Data block below:

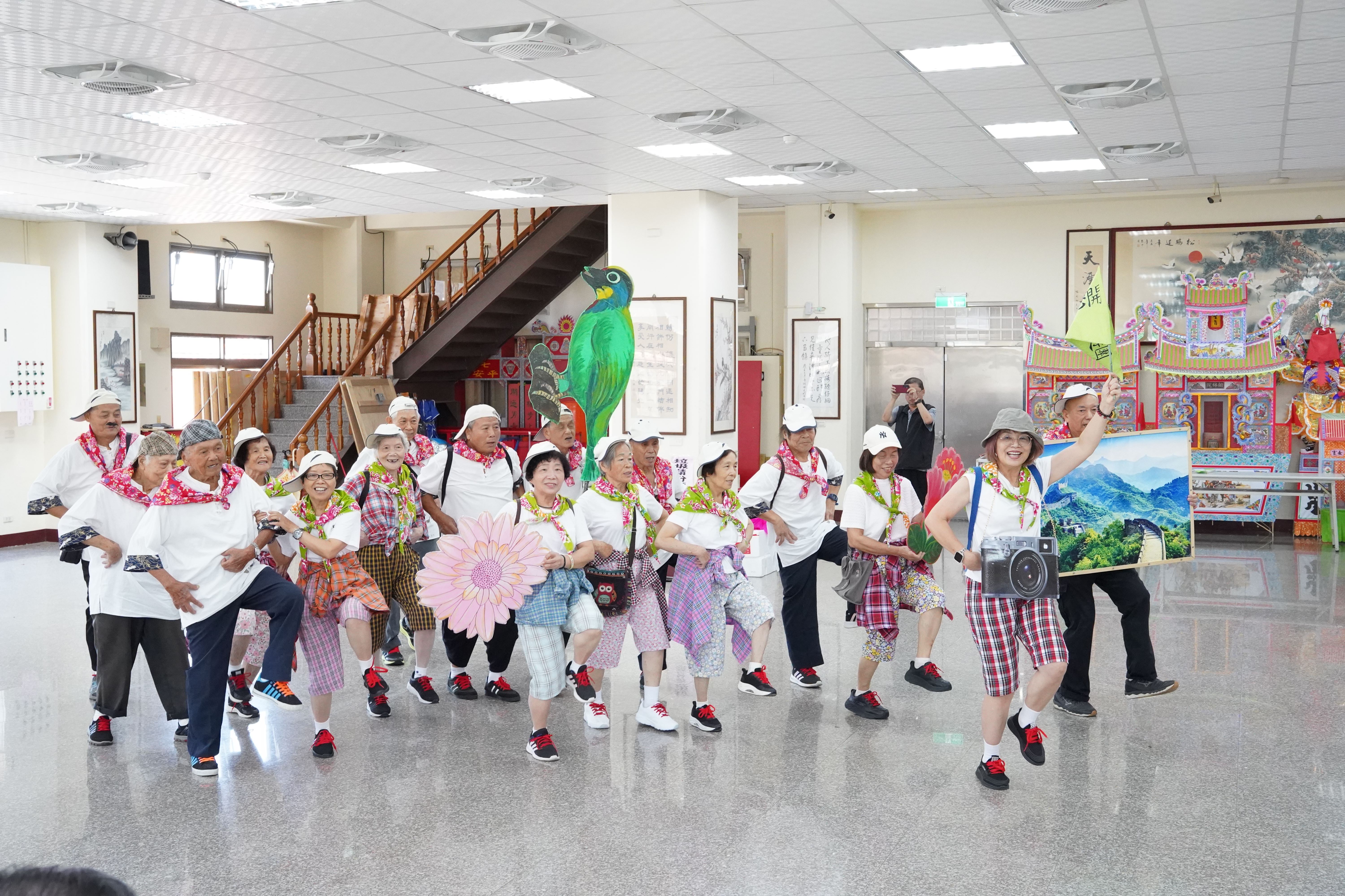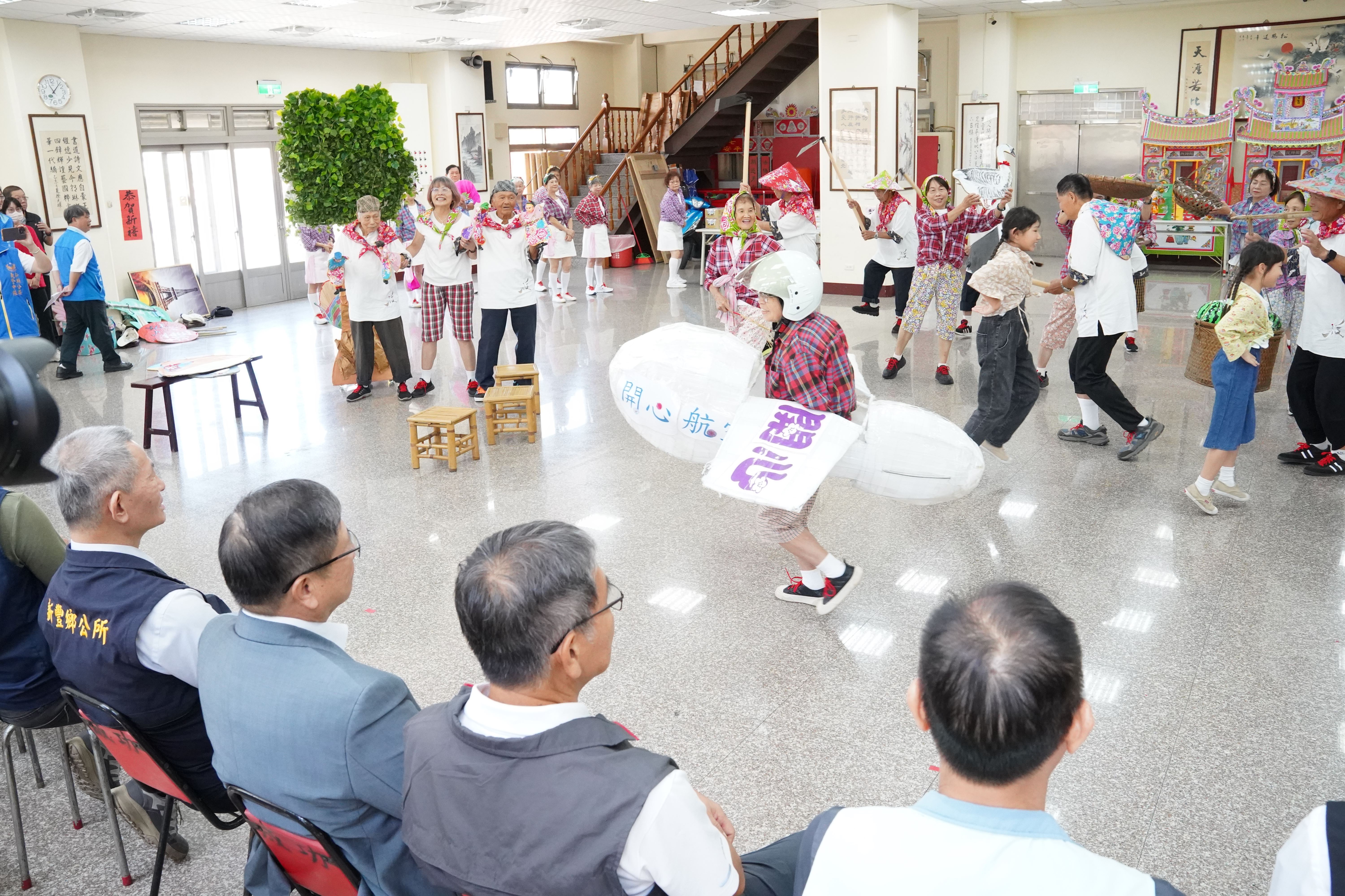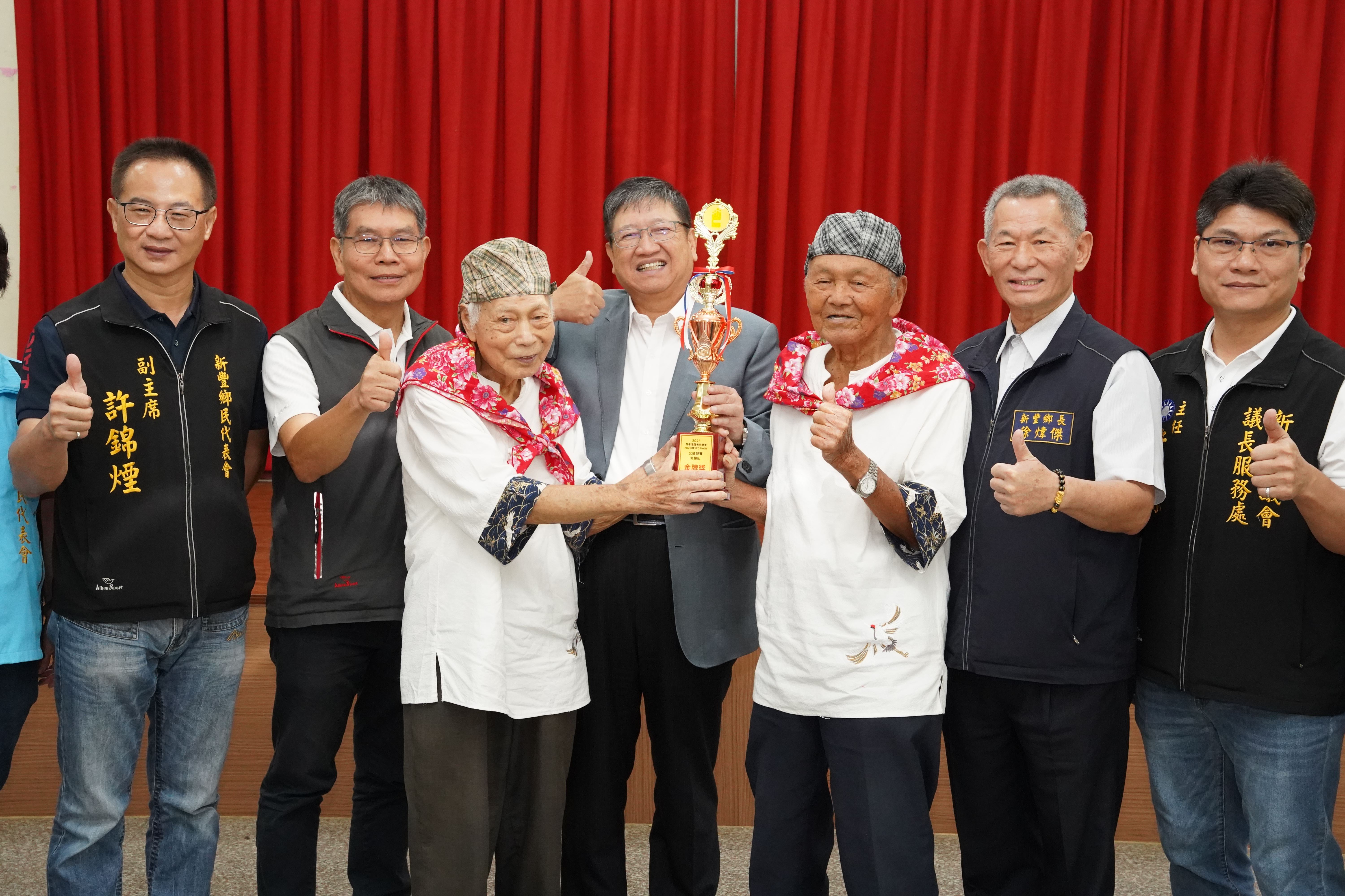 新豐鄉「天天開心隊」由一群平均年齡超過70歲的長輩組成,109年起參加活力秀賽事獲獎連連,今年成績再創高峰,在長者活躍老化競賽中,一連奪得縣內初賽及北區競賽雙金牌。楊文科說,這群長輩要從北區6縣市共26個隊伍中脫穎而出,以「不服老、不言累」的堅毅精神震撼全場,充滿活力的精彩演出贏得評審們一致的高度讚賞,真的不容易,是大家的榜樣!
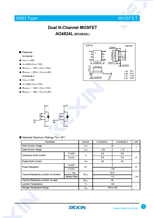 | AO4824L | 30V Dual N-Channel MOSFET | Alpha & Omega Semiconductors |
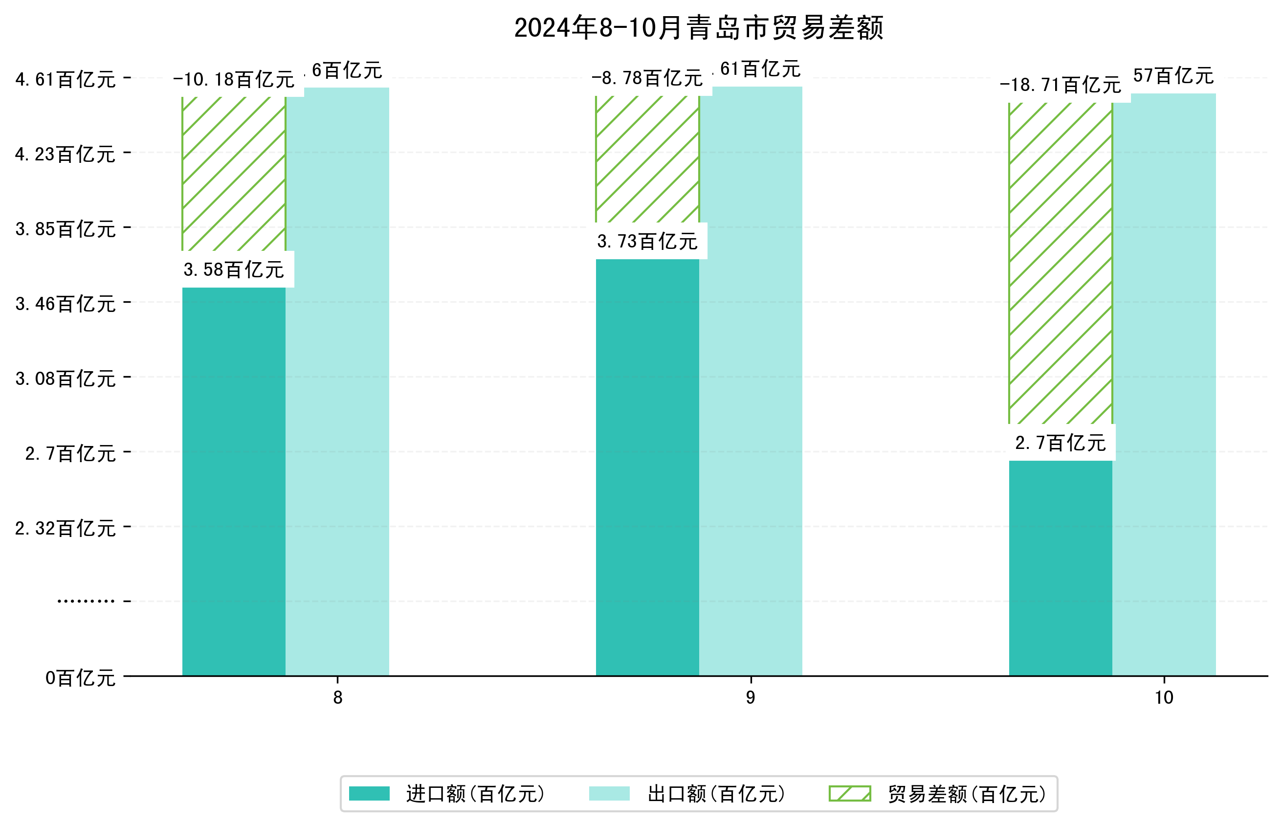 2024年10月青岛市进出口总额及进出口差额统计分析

End of Data block.

What is required: The reply should contain every line of the material exactly, and no images.

Completed exercise:
 新豐鄉「天天開心隊」由一群平均年齡超過70歲的長輩組成,109年起參加活力秀賽事獲獎連連,今年成績再創高峰,在長者活躍老化競賽中,一連奪得縣內初賽及北區競賽雙金牌。楊文科說,這群長輩要從北區6縣市共26個隊伍中脫穎而出,以「不服老、不言累」的堅毅精神震撼全場,充滿活力的精彩演出贏得評審們一致的高度讚賞,真的不容易,是大家的榜樣!
 | AO4824L | 30V Dual N-Channel MOSFET | Alpha & Omega Semiconductors |
 2024年10月青岛市进出口总额及进出口差额统计分析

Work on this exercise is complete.